Where a picture appears in the data below, exclude it; restate everything else word for word.

* _RECORDED DATA_:
::::::

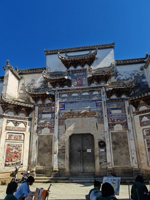 首站到屏山村,屏山村位于安徽省黄山市黟县县城东北约4公里的屏风山和吉阳山的山麓。属于典型的江南水乡村落。同学和老师们跟随导游走进这个千年古村,了解它的历史并观赏原生态的村落。村里的宗祠都非常漂亮,采用彩塑砖雕,里面的木雕也非常精美。该村沿溪而建的民宅、古朴的石桥、桥下潺潺的溪水,构成了典型的“小桥、流水、人家”的徽派风格,有着浓厚的生活气息,漫步在其中心也跟着变得宁静。
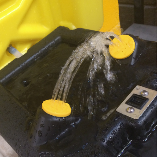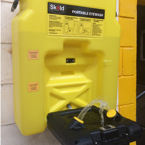 Dispositivo de seguridad que forma parte del equipamiento de una empresa con el fin que sea destinado a proteger los ojos de una persona tras un accidente en el que hayan podido penetrar materiales contaminados o sustancias extrañas.
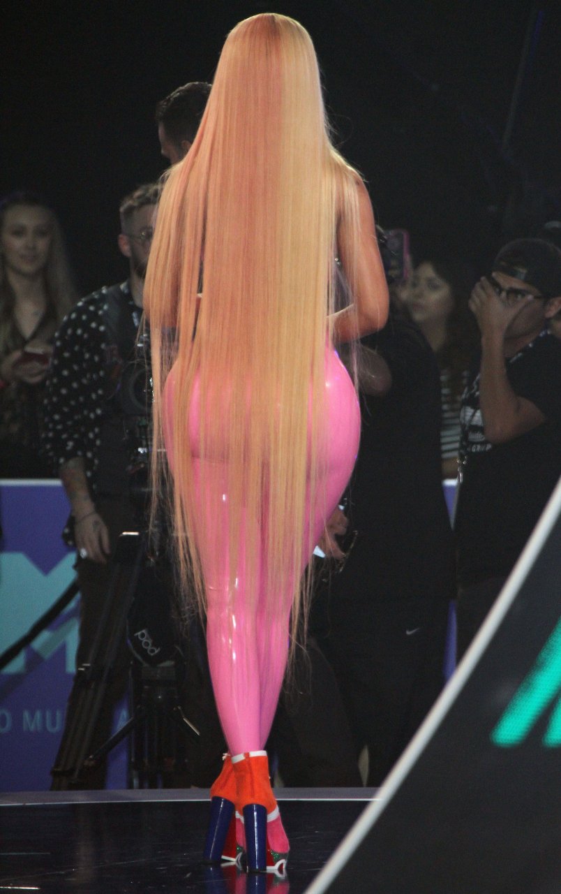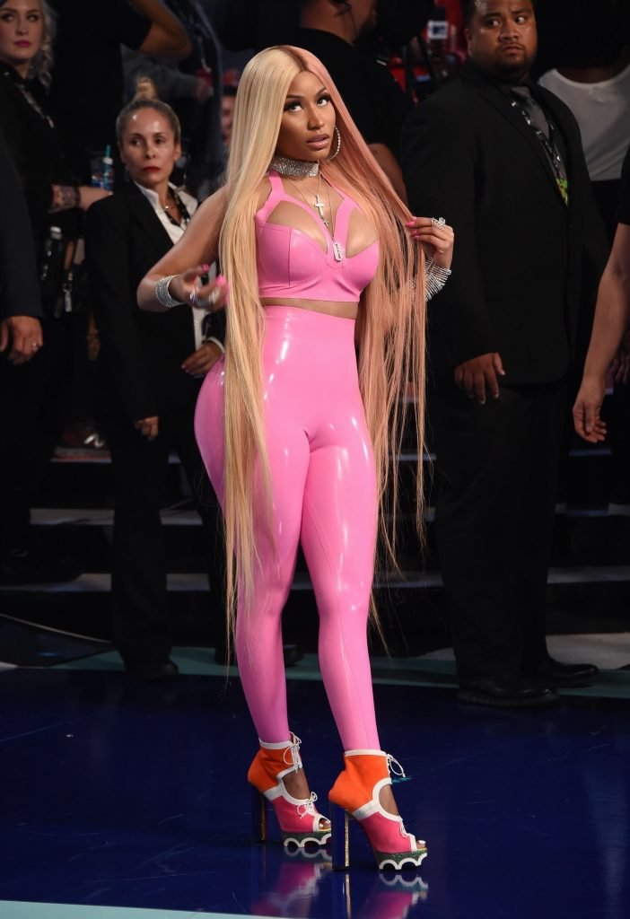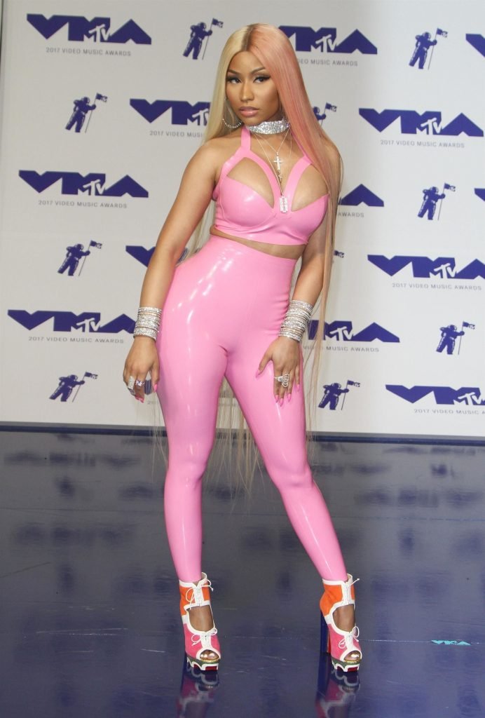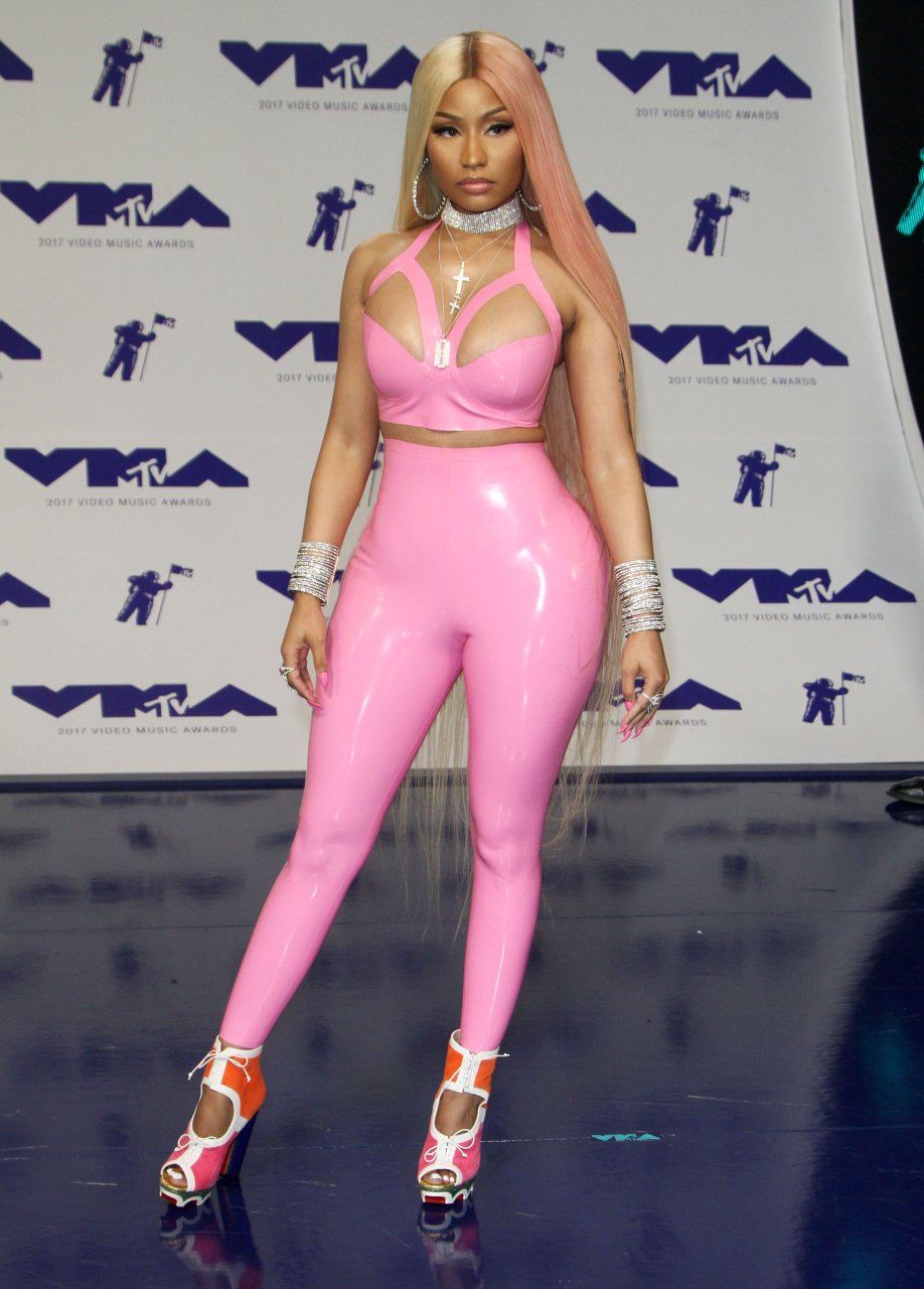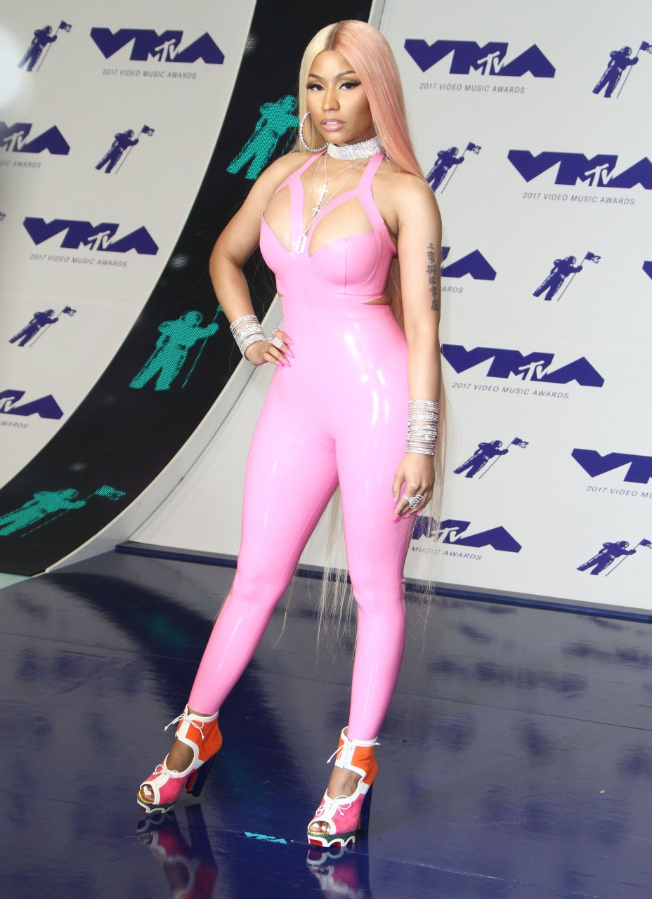 Nicki Minaj quasi esplode dal catsuit in lattice rosa ai MTV Video Music Awards 2017 a Inglewood, 27/08/2017. Onika Maraj è una cantante, cantautrice e attrice americana nata a Trinidad. Età – 34 anni.

::::::

* _RESPONSE TO THE TASK_:
 首站到屏山村,屏山村位于安徽省黄山市黟县县城东北约4公里的屏风山和吉阳山的山麓。属于典型的江南水乡村落。同学和老师们跟随导游走进这个千年古村,了解它的历史并观赏原生态的村落。村里的宗祠都非常漂亮,采用彩塑砖雕,里面的木雕也非常精美。该村沿溪而建的民宅、古朴的石桥、桥下潺潺的溪水,构成了典型的“小桥、流水、人家”的徽派风格,有着浓厚的生活气息,漫步在其中心也跟着变得宁静。
 Dispositivo de seguridad que forma parte del equipamiento de una empresa con el fin que sea destinado a proteger los ojos de una persona tras un accidente en el que hayan podido penetrar materiales contaminados o sustancias extrañas.
 Nicki Minaj quasi esplode dal catsuit in lattice rosa ai MTV Video Music Awards 2017 a Inglewood, 27/08/2017. Onika Maraj è una cantante, cantautrice e attrice americana nata a Trinidad. Età – 34 anni.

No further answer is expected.